Fat taste receptors and methods for using the receptors to screen compounds that mimic fat taste are disclosed. The receptors can include G-protein coupled receptor proteins, such as GPR40 or GPR120. New methods for preparing foods are also disclosed that involve testing compounds in the assay system and then incorporating into foods the identified nonfat compounds that have the taste of fat.

Description

BACKGROUND OF THE INVENTION

The detection of fat in the mouth has traditionally been considered to rely on texture, viscosity and smell. However, some fat replacers, which mimic these qualities do not entirely mimic the mouth sensation and pleasure of fat.

Partly for this reason, it is thought that there may be a fat taste. fMRI studies have shown that vegetable oil stimulates the taste areas of the human cortex and nerve recordings in rats have shown that free fatty acid (FFA) application to the tongue stimulates the lingual branch of the glosso-pharyngeal nerve. This suggests that the fat sensation has an extra-trigeminal component. It has also been observed that isolated rat taste cells respond to medium and long chain FFAs by inhibiting a delayed rectifying potassium channel. Thus, several lines of evidence suggest that medium and long chain FFA are capable of eliciting fat taste.

Systems for screening compounds that elicit a fat taste but which are not themselves fat are needed in the food industry. Such systems could be used to identify compounds that can replace fat in foods thereby providing healthier foods having fewer calories but that retain desirable flavor characteristics.

SUMMARY OF THE INVENTION

A functional fat taste receptor comprising a protein expressed from recombinant DNA molecule is disclosed. The protein can be a portion of a G-protein coupled receptor protein, such as GPR120, GPR40 or both. The fat taste receptor can be expressed in a cell from a recombinant DNA molecule. Cells containing fat taste receptor protein genes are also contemplated.

In an embodiment, an assay system is provided that incorporates functional fat taste receptors. The assay system can be used to identify compounds that have the taste of fat, including both fat and non-fat compounds.

In an embodiment, the assay system generates a measurable response to compounds having the taste of fat, such as upon the addition of a fat, including free fatty acids, such as long chain and medium chain fatty acids.

A method for identifying a compound that tastes like fat is also disclosed. The method can be implemented by cloning a protein component of a fat taste receptor, expressing the cloned protein and forming a fat taste receptor. The fat taste receptor can be added to a system capable of generating a response when a test compound binds to the receptor. When a response is detected, the compound is identified as having the taste of a fat.

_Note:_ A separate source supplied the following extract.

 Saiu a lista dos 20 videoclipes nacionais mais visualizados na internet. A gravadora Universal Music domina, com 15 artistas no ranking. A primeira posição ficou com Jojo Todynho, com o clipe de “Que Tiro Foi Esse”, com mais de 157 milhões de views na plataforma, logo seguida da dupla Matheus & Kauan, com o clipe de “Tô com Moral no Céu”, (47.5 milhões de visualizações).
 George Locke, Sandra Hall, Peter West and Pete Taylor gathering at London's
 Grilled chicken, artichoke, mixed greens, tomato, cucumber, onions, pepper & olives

A method for preparing a food product is also disclosed. The method can be implemented by preparing a fat taste receptor assay system and using the system to identify a nonfat compound that tastes like fat and incorporating the identified nonfat compound into a food.

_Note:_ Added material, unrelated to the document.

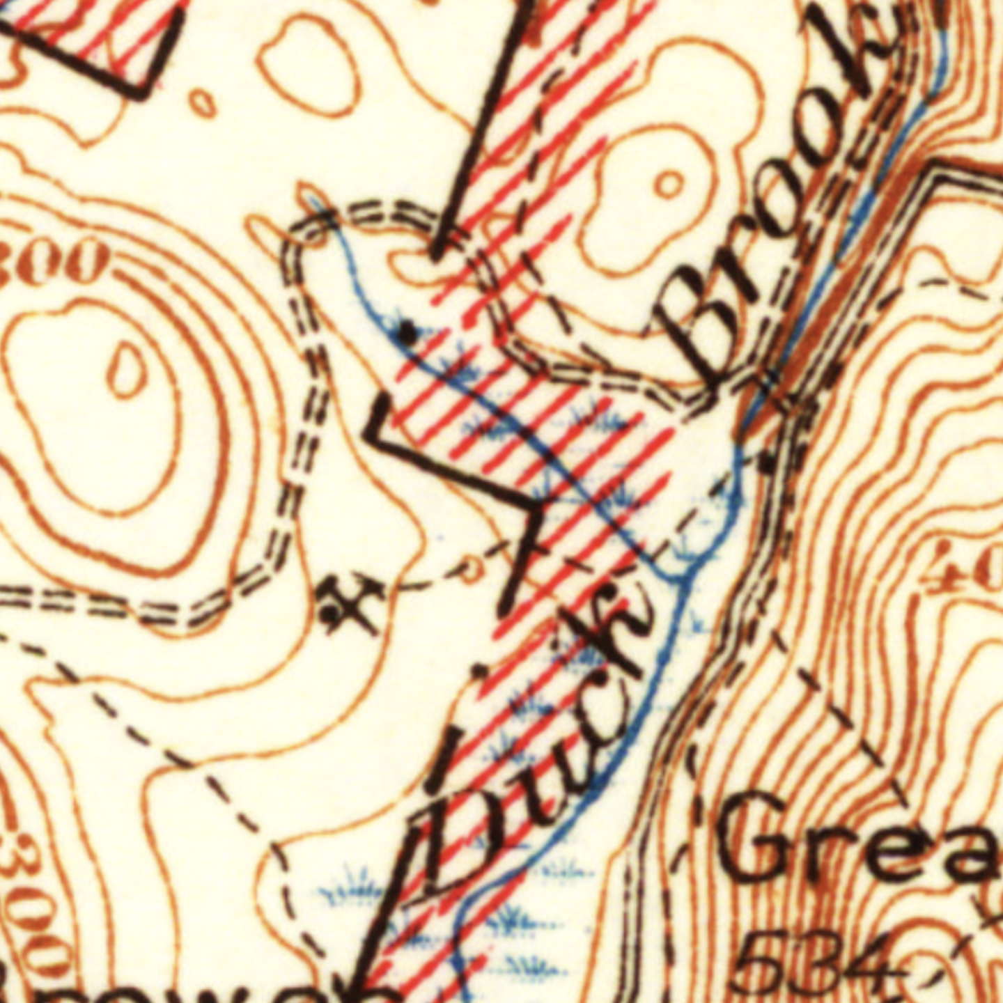 On the other hand, there is a surprisingly good history of the carriage trails at the Library of Conrgess. Here, the author says that granite for the the bridges was “generally obtained from nearby ledges or small quarries.” 2 This is all the author discusses about the source of the stone, but given the timing and location of the quarry, I think it’s pretty plausible that Duck Brook Bridge (and possibly the road bridge as well) was dressed with stone from this quarry.

Additional features and advantages of the present invention are described in, and will be apparent from, the following Detailed Description of the Invention and the figures.

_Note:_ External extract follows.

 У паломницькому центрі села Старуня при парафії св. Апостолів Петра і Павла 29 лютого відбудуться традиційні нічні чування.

BRIEF DESCRIPTION OF THE FIGURES

FIG. 1A shows a pattern of cells from a section of the circumvallate taste papilla of a transgenic mouse. The cells in the section express green fluorescent protein (GFP) under the control of a Trpm5 promoter.

FIG. 1B shows an immunochemical staining pattern of the same section of the circumvallate papilla as in FIG. 1A, stained with a GPR120-specific antibody and detection with Cy3.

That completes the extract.